How does silver help turn seawater into drinking water?
It’s said that the next big war will not be over oil or gas – but over water.
Huge areas of the planet are becoming drier as climate change wreaks havoc on water tables and increasing populations demand more and more H2O.
The problem with water is that it is extremely difficult to “transport” over great distances without networks of pipes and sanitation systems. In temperate climates it is easier to rely on above ground irrigation systems – but in hot climates the water simply evaporates.
An entire two thirds of the planet is covered in water which is undrinkable in its natural state – the oceans and seas.
Desalination of water has, until now, been an expensive and large industrial operation.

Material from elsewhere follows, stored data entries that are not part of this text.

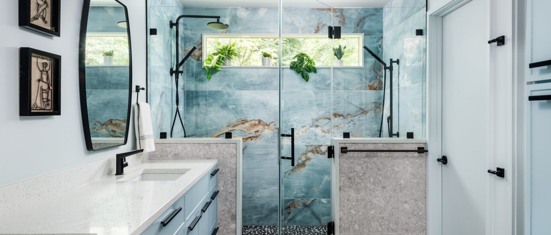 The primary bathroom is a true retreat, featuring a bold walk-in shower wrapped in moody, marble-look tile. A rich blue palette enhances the spa-like atmosphere, complemented by a sleek double vanity that offers both style and practicality.
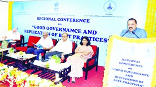 Union Minister Dr Jitendra Singh addressing the valedictory function of the two-day Regional Conference on Governance, at Goa on Friday.
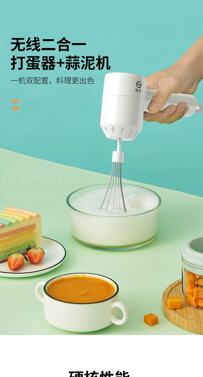 扬子H-D03打蛋器 手持电动料理机家用迷你打奶油机搅拌器烘焙打发器 白色
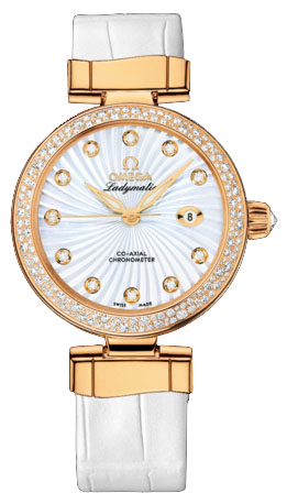 Механізм автоматичний, Калібр Omega 8521 Розміри корпусу 34 мм Корпус жовте золото 18к Особливості Водостійкі, Хронометр Функції години, хвилини, секунди, дата Циферблат білий перловий гільошований 100 м, безель з білих діамантів
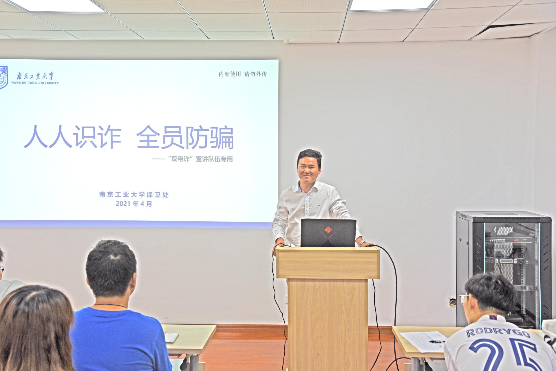 太阳成集团tyc234cc紧紧围绕“三全育人”要求,重点突出“安全育人”和“ 服务育人”理念,用实际行动推动“三全育人”工作落地。近期于沉毅南楼316顺利举行“人人识诈,全员防骗”主题反电诈教育培训,保卫处葛凯老师应邀作报告,公司各年级反电诈宣传员参加培训。

MIT – the Massachusetts Institute of Technology – has recently pioneered a passive solar-powered desalination system. Tests on an MIT building rooftop showed that a simple proof-of-concept desalination device could produce clean, drinkable water at a rate equivalent to more than 1.5 gallons per hour for each square meter of solar collecting area.
The system uses multiple layers of flat solar evaporators and condensers, lined up in a vertical array and topped with transparent aerogel insulation. MIT claims such systems could reach overall efficiency levels as high as 700 or 800 percent.
Of course, one of the major components of the system is the silver used in the construction of the solar panels – and the filtration system.
The researchers plan further experiments to continue to optimize the choice of materials and configurations to test the durability of the system under realistic conditions.
They also will work on translating the design of their lab-scale device into something that would be suitable for use by consumers. The hope is that it could ultimately play a role in alleviating water scarcity in parts of the developing world where reliable electricity is scarce but seawater and sunlight are abundant.